No le presté mucha atención a lo dicho por la duquesa. Entendí sus palabras, pero me concentraba en sus pechos, que acababa de hacerse aumentar una medida. Se veían gloriosos. Dije:

—Tranquila, cariño. Ellen no es tan mala. Además, Elliot es uno de mis mejores amigos, así que echarlos está fuera de lugar —en el momento mismo en que dije esas palabras me di cuenta de que había cometido un error. Menos de un segundo después la duquesa me tiraba un golpe, concretamente una derecha cruzada, con la mano abierta.

Pero como llevaba sobrio un mes, mis reflejos eran como los de un gato y eludir el golpe me fue fácil. Dije:

—Tranquila, Nadine. No resulta tan fácil pegarme cuando estoy sobrio, ¿verdad? —Le sonreí con picardía, y ella me devolvió la sonrisa.

Abrazándome, dijo:

—Estoy muy orgullosa de ti. Ya eres otro. Hasta la espalda va mejor, ¿no?

—Un poco —respondí—. Ahora es soportable, pero aún no está del todo bien. Creo que ya ni siquiera siento deseos de tomar qualuuds. Y te amo más que nunca.

—Yo también te amo —dijo, haciendo un puchero—. Solo es que estoy enfadada porque Elliot y Ellen son malignos. Él tiene la peor de las influencias sobre ti, y si se queda más tiempo… bueno, ya sabes a qué me refiero. —Me dio un húmedo beso en los labios y apretó su vientre contra el mío.

Unos dos litros de sangre acudieron a mi entrepierna y, de pronto, me sentí mucho más dispuesto a comprender el punto de vista de la duquesa.

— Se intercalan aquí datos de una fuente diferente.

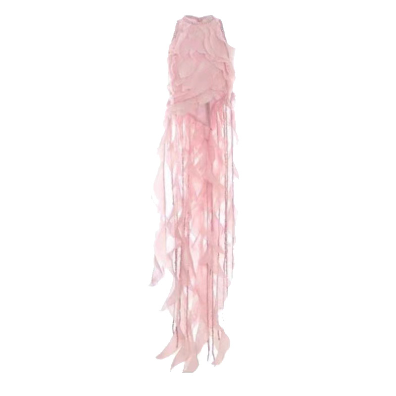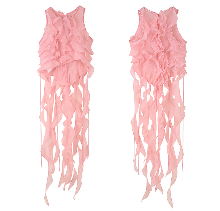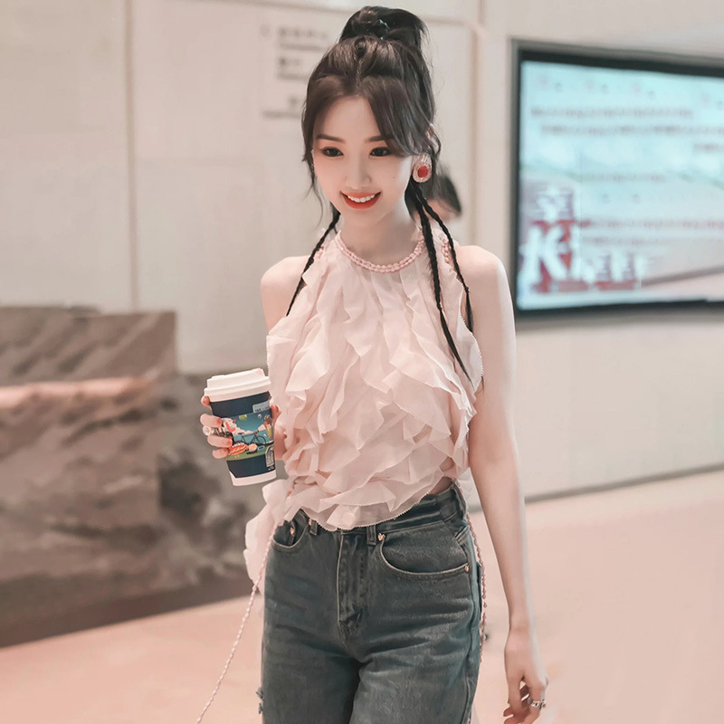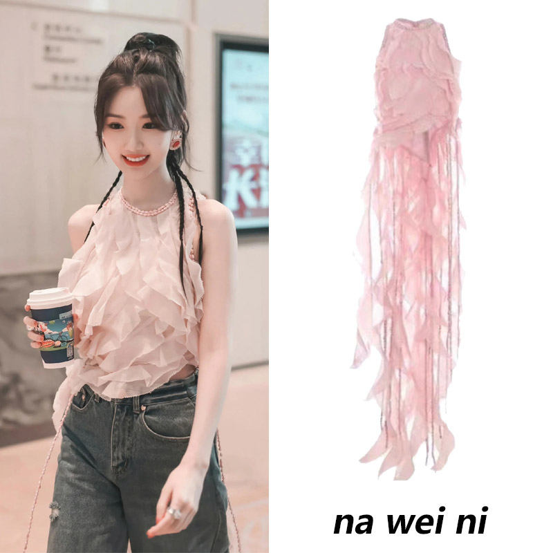 毛曉彤虞書欣同款超仙甜美粉色荷葉邊無袖真絲雪紡襯衫上衣女夏季

—Te propongo algo: si aceptas ser mi esclava sexual durante todo el fin de semana, mando a Elliot y a Ellen a un hotel, ¿de acuerdo?

La duquesa sonrió y se restregó contra el lugar justo.

—Muy bien, querido. Ordena y obedezco. Solo sácalos de aquí y soy toda tuya.

Quince minutos más tarde, Elliot babeaba sobre su hamburguesa y yo hablaba por teléfono con Janet, diciéndole que reservara una habitación para él y Ellen en un lujoso hotel a unos treinta minutos de allí.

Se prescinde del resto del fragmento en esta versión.